When a picture appears among the records, leave it out, and copy all else exactly.

(Saved data entries)
▬▬▬

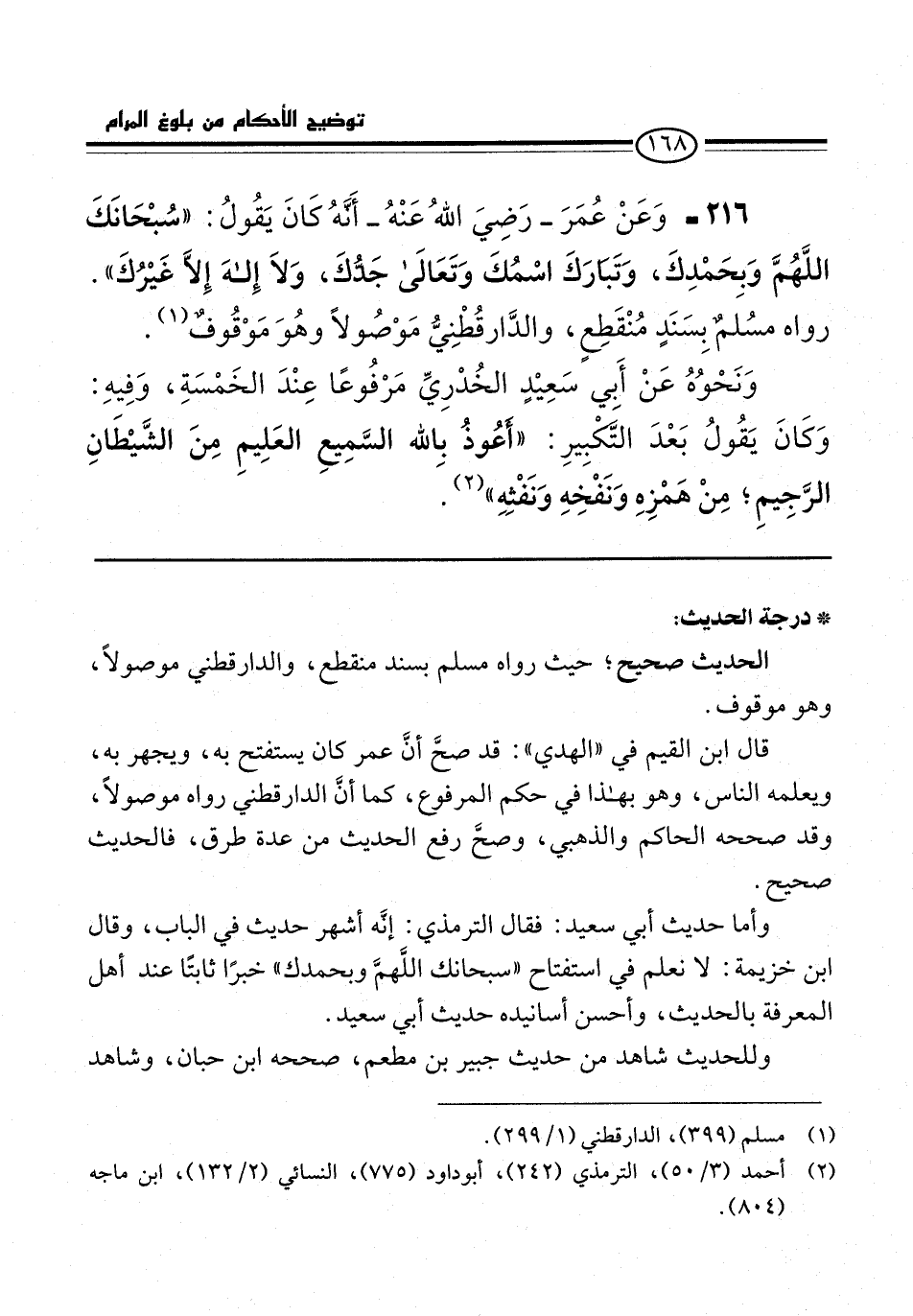 216 - وَعَنْ عُمَرَ -رَضِيَ اللهُ عَنْهُ- أَنَّهُ كَانَ يَقُولُ: "سُبْحَانَكَ اللَّهُمَّ وَبِحَمْدِكَ، وَتَبارَكَ اسْمُكَ وَتَعَالَى جَدُكَ، وَلاَ إِلهَ إِلاَّ غَيْرُكَ". رواه مسُلمٌ بِسَنَدٍ مُنْقَطِعٍ، والدَّارقُطْنِيُّ مَوْصُولًا وهُوَ مَوْقُوفٌ (¬1).
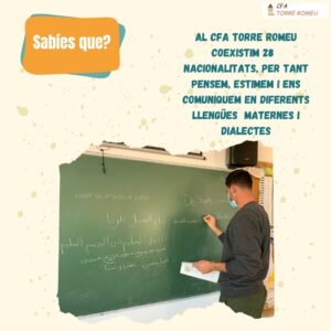 Al CFA Torre Romeu coexisteixen 28 nacionalitats diferents: Espanya, Marroc, Mali, Ghana, Brasil, Geòrgia, Romania, Índia, Gàmbia, Burkina Faso, Afganistan, Pakistan, Vietnam, Guinea, Mauritània, Libèria, Senegal, Algèria, Síria, Palestina, Bolívia, Perú, Nigèria, Colòmbia, Hondures, Kazakhstan, Veneçuela i Bielorússia. Per tant, cada dia escoltem cada dia una ampla diversitat de llengües i dialectes als corredors i aules.
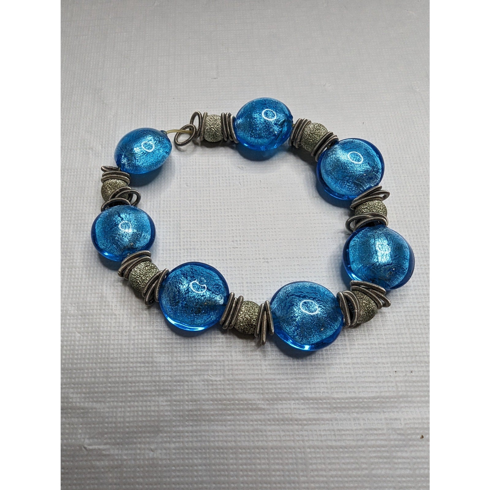 Vintage Single Strand Glass Beaded Bracelet Blue and Silver
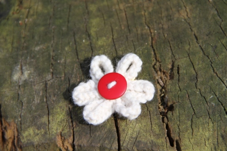 Enjoy the summer all year long with our delicate hand-knitted daisy brooch. Safety pin fastening. White with Red Button. 100% Acrylic knitted flower.
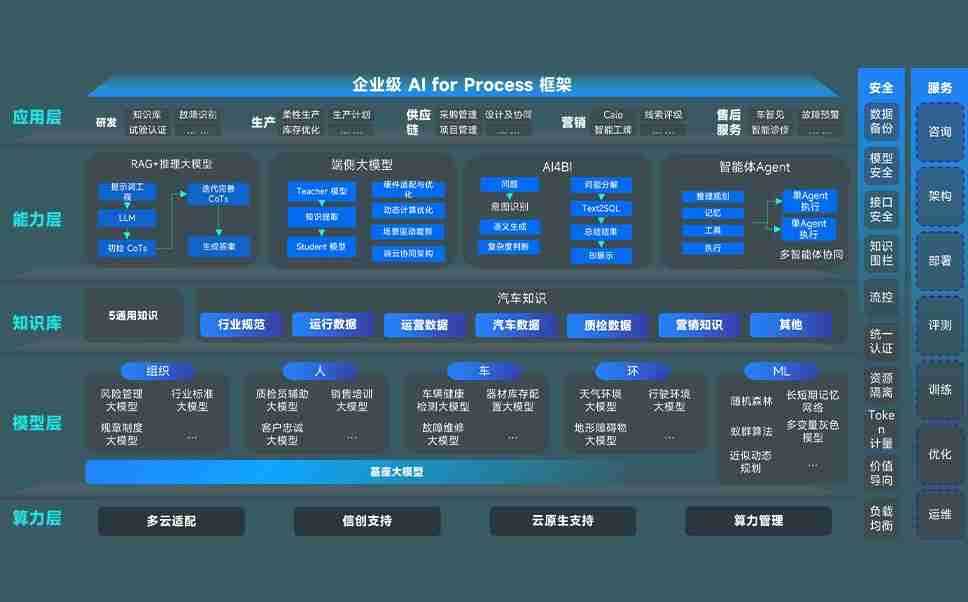 端到端的一站式AI工作空间深度融合了从企业战略规划到日常经营的全流程业务板块,,,定向解决车企内部领域多、、部门多、、链条长、、、场景碎片化等难题,,,,支持车企快速构建以AI为核心的生产力写作体系,,实现任务执行与AI能力的无缝集成与交互
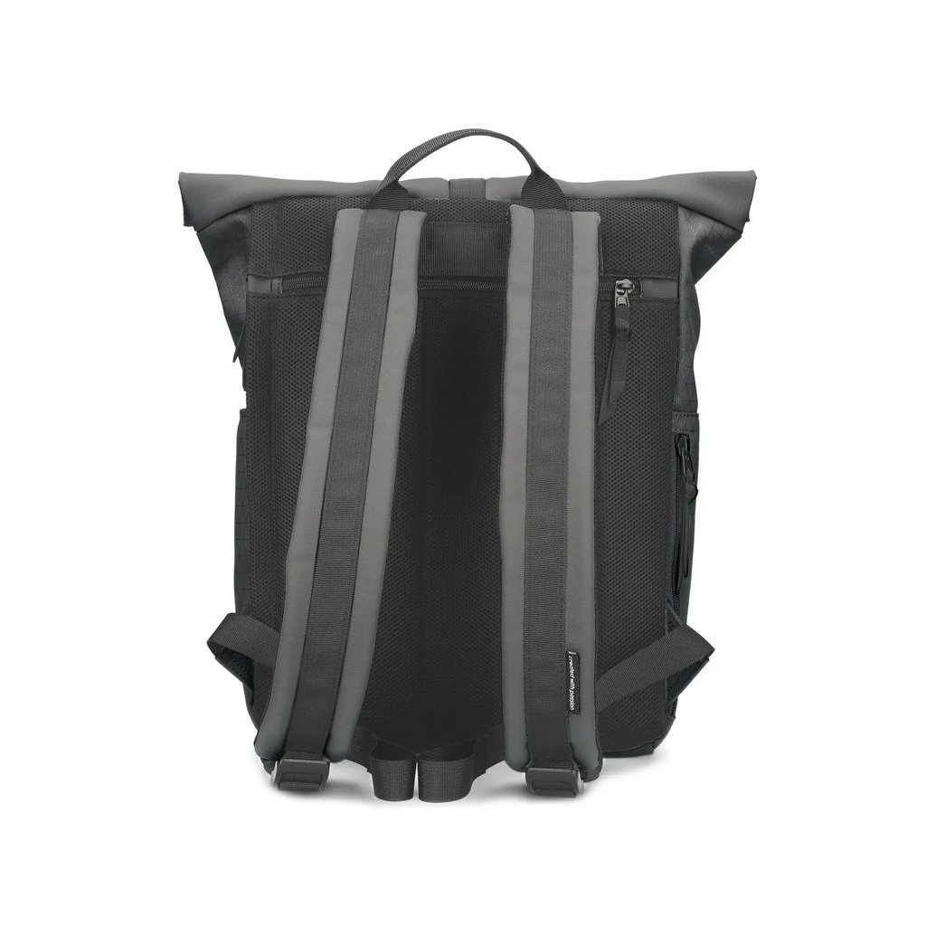 Záda batohu jsou vyměkčená a zároveň zpevněná, takže batoh drží tvar i při plném zatížení. Pohodlí při nošení zajišťují nastavitelné polstrované ramenní popruhy a pevné horní ucho umožňuje snadné přenášení v ruce. Horní část lze sepnout magnety skrytými v materiálu, srolovat a upevnit popruhem s kovovou přezkou. Do hlavního prostoru se dostanete také praktickým bočním zipem.
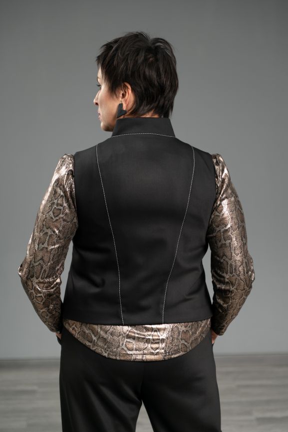 Образ: жилет, водолазка коричневая и зауженные брюки

▬▬▬

→ **Worked solution**:
 216 - وَعَنْ عُمَرَ -رَضِيَ اللهُ عَنْهُ- أَنَّهُ كَانَ يَقُولُ: "سُبْحَانَكَ اللَّهُمَّ وَبِحَمْدِكَ، وَتَبارَكَ اسْمُكَ وَتَعَالَى جَدُكَ، وَلاَ إِلهَ إِلاَّ غَيْرُكَ". رواه مسُلمٌ بِسَنَدٍ مُنْقَطِعٍ، والدَّارقُطْنِيُّ مَوْصُولًا وهُوَ مَوْقُوفٌ (¬1).
 Al CFA Torre Romeu coexisteixen 28 nacionalitats diferents: Espanya, Marroc, Mali, Ghana, Brasil, Geòrgia, Romania, Índia, Gàmbia, Burkina Faso, Afganistan, Pakistan, Vietnam, Guinea, Mauritània, Libèria, Senegal, Algèria, Síria, Palestina, Bolívia, Perú, Nigèria, Colòmbia, Hondures, Kazakhstan, Veneçuela i Bielorússia. Per tant, cada dia escoltem cada dia una ampla diversitat de llengües i dialectes als corredors i aules.
 Vintage Single Strand Glass Beaded Bracelet Blue and Silver
 Enjoy the summer all year long with our delicate hand-knitted daisy brooch. Safety pin fastening. White with Red Button. 100% Acrylic knitted flower.
 端到端的一站式AI工作空间深度融合了从企业战略规划到日常经营的全流程业务板块,,,定向解决车企内部领域多、、部门多、、链条长、、、场景碎片化等难题,,,,支持车企快速构建以AI为核心的生产力写作体系,,实现任务执行与AI能力的无缝集成与交互
 Záda batohu jsou vyměkčená a zároveň zpevněná, takže batoh drží tvar i při plném zatížení. Pohodlí při nošení zajišťují nastavitelné polstrované ramenní popruhy a pevné horní ucho umožňuje snadné přenášení v ruce. Horní část lze sepnout magnety skrytými v materiálu, srolovat a upevnit popruhem s kovovou přezkou. Do hlavního prostoru se dostanete také praktickým bočním zipem.
 Образ: жилет, водолазка коричневая и зауженные брюки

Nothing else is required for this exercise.